Where Reality Sells
A lot of people, Democratic and Republican, have been saying that yesterday’s election was “the most important in our lifetime.” It wasn’t — and wouldn’t have been had the presidential race gone the other way.
But as it is, the outcome was hardly shocking. An incumbent got re-elected. Wow.
The Senate solidified its Democratic position; the House remained solidly Republican. America after Election Day looks almost exactly the same as America before.
So, why so little change?
Blame it on “hope.”
Face it: in electoral politics, fantasy sells. Mainstream politicians love to promote The Dream. Not the American Dream, which is about hard work and honest dealing, but the Changeling Dream, about getting something for nothing. Or getting ahead at others’ expense. At present, this Dream rests upon spending more than government takes in forever and ever, believing that somehow there are no disastrous consequences to the resulting accumulation of debt.
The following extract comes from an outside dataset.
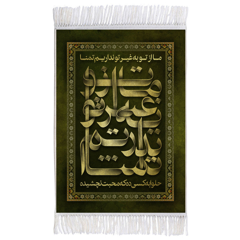 فرش ماشینی دیوارکوب اطلس آبی طرح ما از تو به غیر تو نداریم تمنا حلوا به کسی ده که محبت نچشیده مدل T2550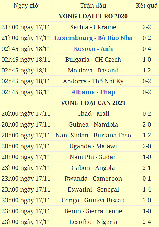 Kết quả loạt trận vòng loại EURO 2020, CAN 2021 đêm 17/11, rạng sáng 18/11.

Democratic politicians may be better able to describe their lavish dreams for all that government can do, but Republican office-holders sure seem to hang out on that same street in Dreamland.
Now they’ve just about all been re-elected to go back and hang out for another term.
What can we do? Hope they change their spots?
No. That’s too passive. “Cast your whole vote,” Henry David Thoreau wrote, “not a strip of paper merely, but your whole influence.”
How? In 2013 and 2014, citizens can petition to put important issues on state and local ballots. We change the terms of political debate; we gain the upper hand — and put common sense back into government.
This is Common Sense. I’m Paul Jacob.